(Stored data entries)
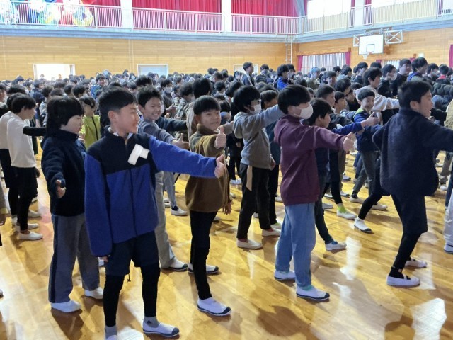 3月10日 児童集会 さんさんさくらいっ子を踊ったよ
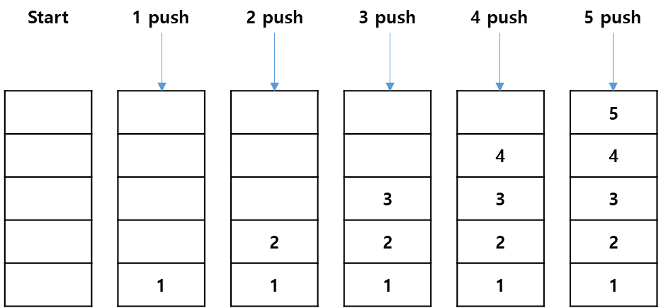 - 스택에 데이터를 저장하는 것을 푸시(push), 데이터를 추출하는 것을 팝(pop)이라고 한다.
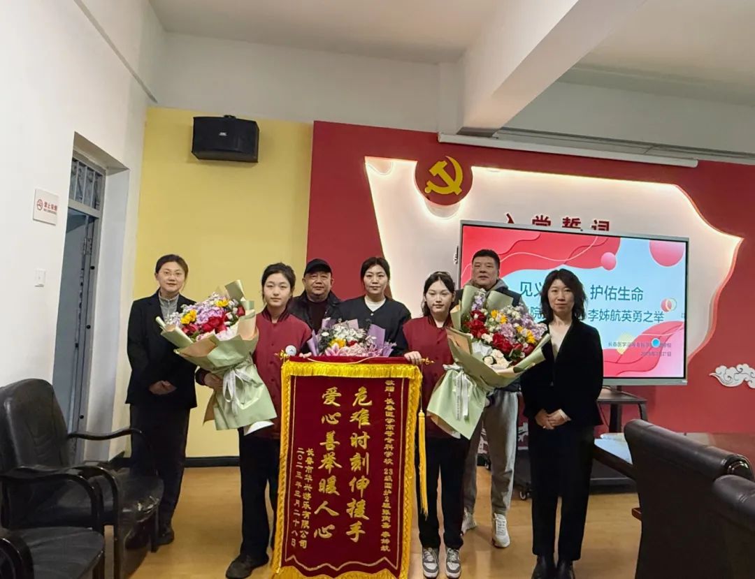 三月的春风尚未拂尽料峭,长春南湖的碧波已悄然见证了一场生命救援的壮歌。3月28日,一队特殊的访客踏着春光走进校园,南湖公园华星游乐有限公司工作人员手捧鲜花与锦旗,将写着“危难时刻伸援手,爱心善举暖人心”烫金大字的锦旗郑重递到护理学院两位学子和辅导员老师的手中。这一刻,锦旗上跃动的流光,恰似几日前那场与死神交锋时迸发的生命之光。
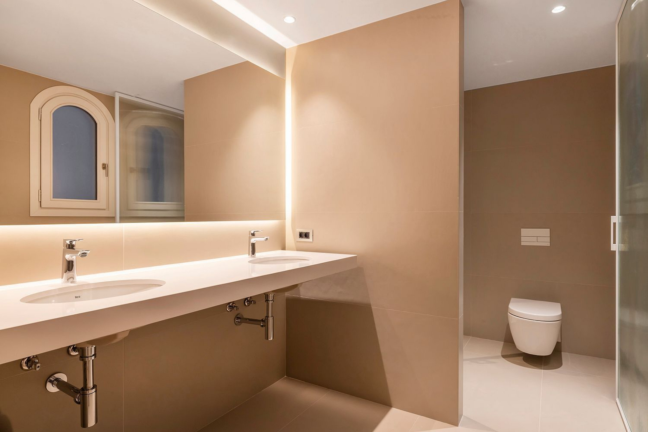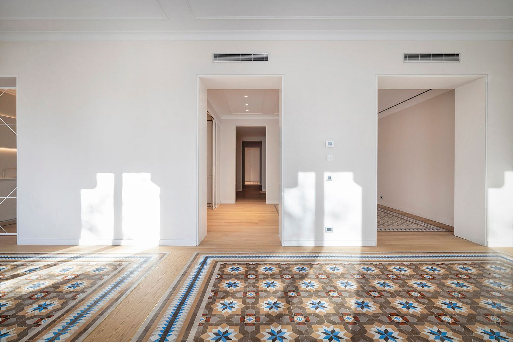 Las zonas comunes completan la propuesta con un vestíbulo histórico restaurado y una azotea comunitaria de gran presencia, desde la que se disfrutan vistas abiertas al mar, Montjuïc y Tibidabo, equipada con piscina, solárium y espacios pensados para el encuentro y el disfrute en un entorno reservado.
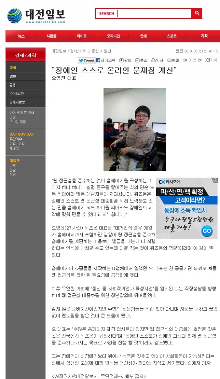 대전일보_130524_장애인 스스로 온라인 문제점 개선
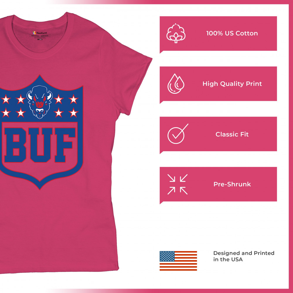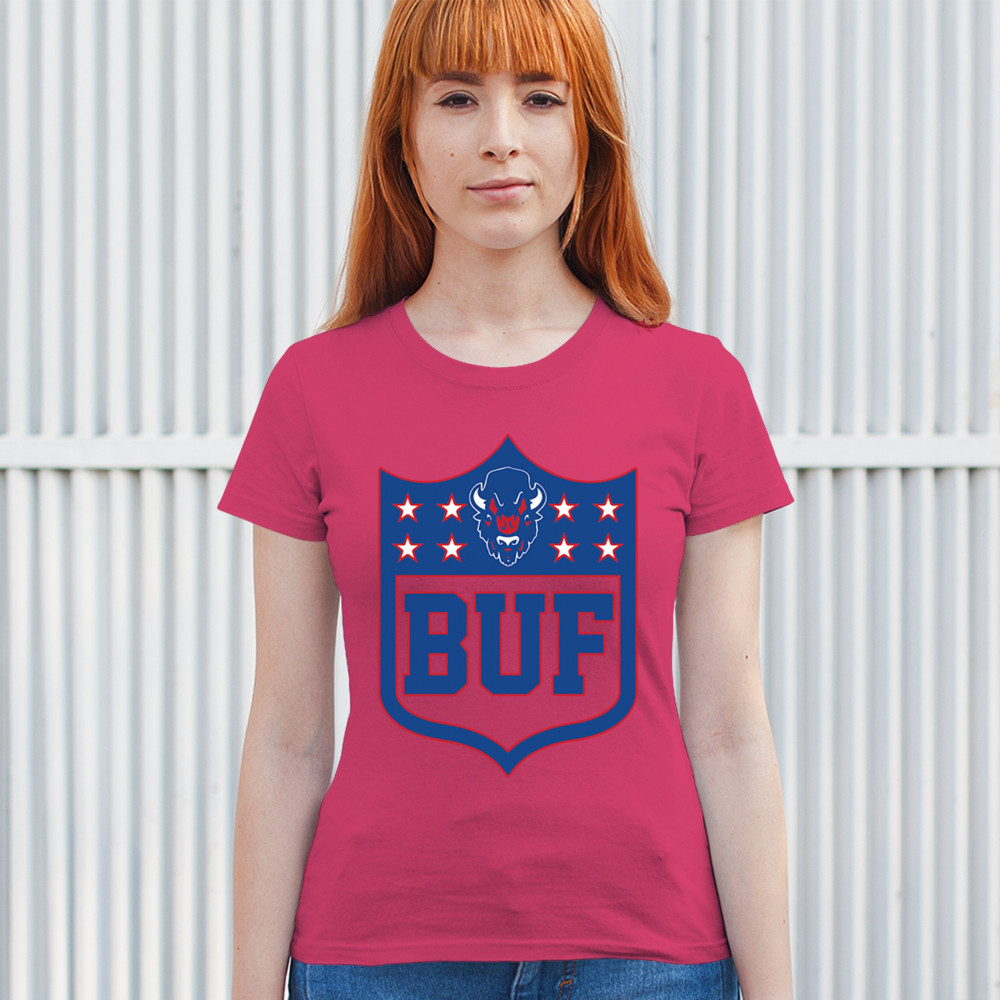 Bold Buffalo bison shield design for game day gear, tailgating, Sunday football, and championship pride in The Queen City.
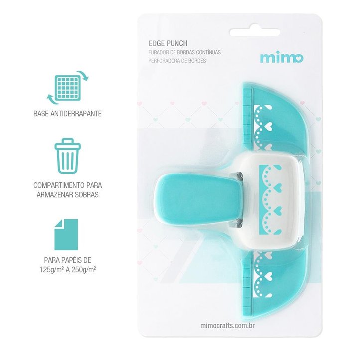 Furador de Borda de Papel MimoO Furador de Bordas Contínuas Mimo é fácil e rápido de usar para criar bordas decoradas de até 4,5 cm de largura no formato de corações. A base dessa ferramenta de corte é antiderrapante, o que dá mais precisão durante o uso, evitando que o cortador se movimente nesse processo de furação.Usando o gabarito impresso no produto, é possível decorar bordas contínuas de papéis de diversos tamanhos.Furador de Papel para Artesanato MimoCom esse furador de papel Mimo, você personaliza bordas contínuas de diversos tipos de artesanatos, como cartões, scrapfesta, envelopes, convites, peças de scrapbooking, encadernação, presentes, entre outros, por exemplo. O resultado é incrível, bem preciso e a furação é bem rápida e simples de fazer.O Furador de Bordas de Corações da Mimo é ideal para caprichar nos acabamentos de encomendas e essencial para enriquecer seus projetos de scrap.Informações Técnicas
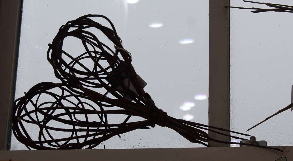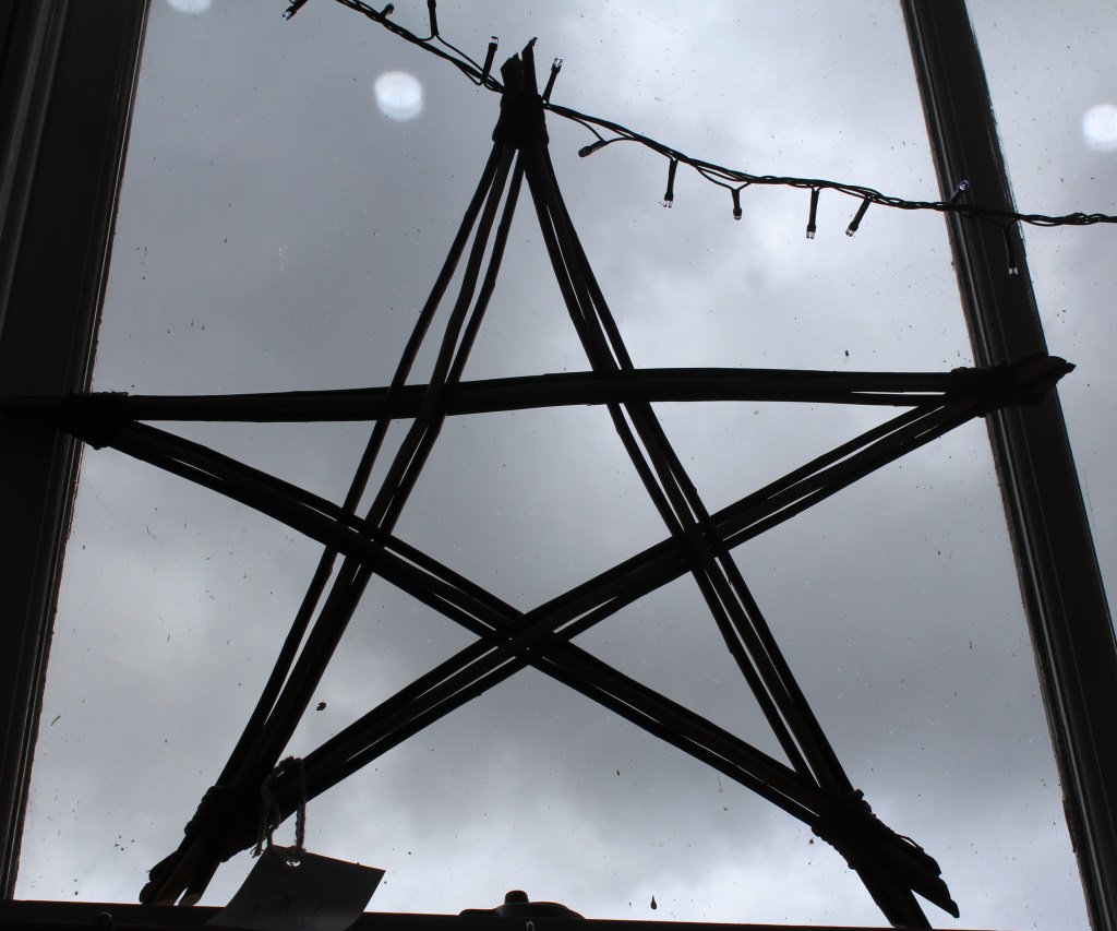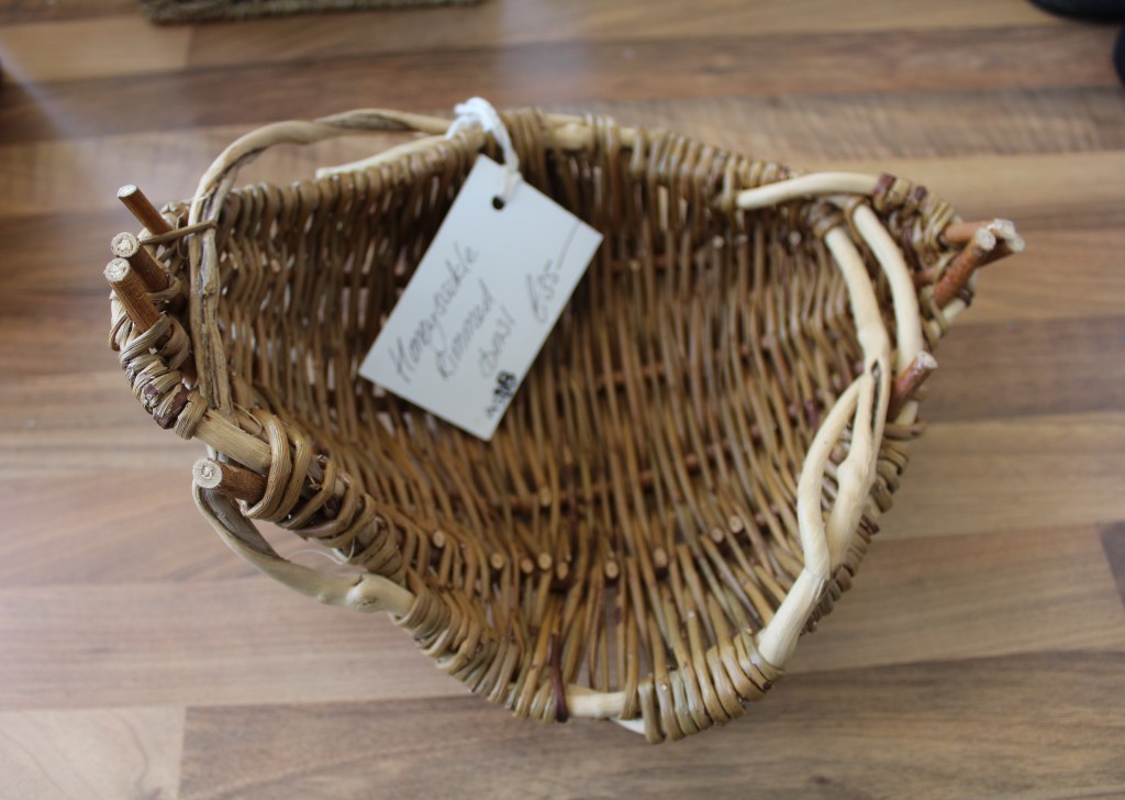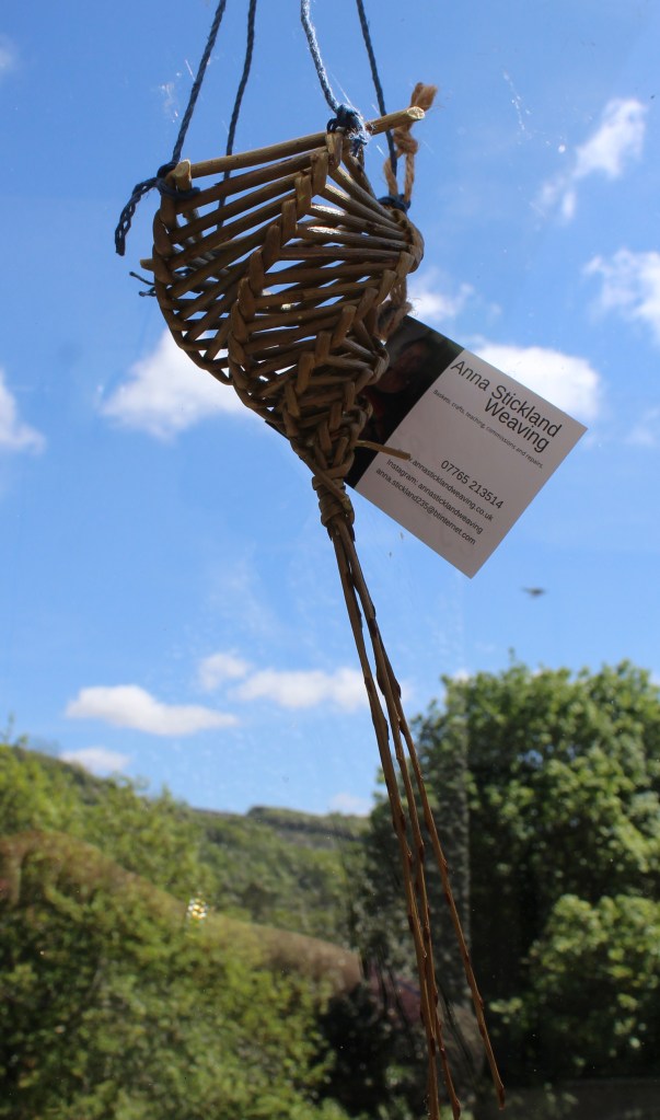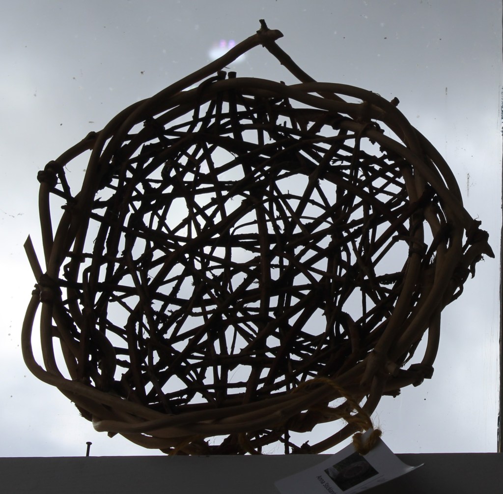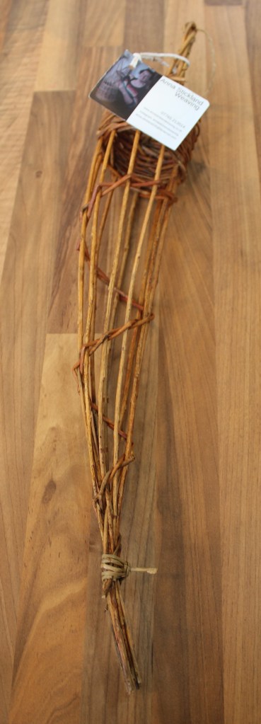 £15£20 – Random Weave Bramble Basket£22Red Dogwood Heart in Random Weave – £20Bird Feeder – £15Star Wands – £3 eachPlant Support, suitable for outdoor, indoor or conservatory use – £35Small Hanging Basket – £9Wickerwork by Anna Stickland

- WORK TASK: Beginning at the line above that contains "三月的春风尚未拂尽料峭,长春" and going on through the line that contains "대전일보_130524_장애인 스스로 온라인 문제점 개선", please copy every line exactly, leaving the pictures out and adding nothing.

- REPLY TO THE TASK:
 三月的春风尚未拂尽料峭,长春南湖的碧波已悄然见证了一场生命救援的壮歌。3月28日,一队特殊的访客踏着春光走进校园,南湖公园华星游乐有限公司工作人员手捧鲜花与锦旗,将写着“危难时刻伸援手,爱心善举暖人心”烫金大字的锦旗郑重递到护理学院两位学子和辅导员老师的手中。这一刻,锦旗上跃动的流光,恰似几日前那场与死神交锋时迸发的生命之光。
 Las zonas comunes completan la propuesta con un vestíbulo histórico restaurado y una azotea comunitaria de gran presencia, desde la que se disfrutan vistas abiertas al mar, Montjuïc y Tibidabo, equipada con piscina, solárium y espacios pensados para el encuentro y el disfrute en un entorno reservado.
 대전일보_130524_장애인 스스로 온라인 문제점 개선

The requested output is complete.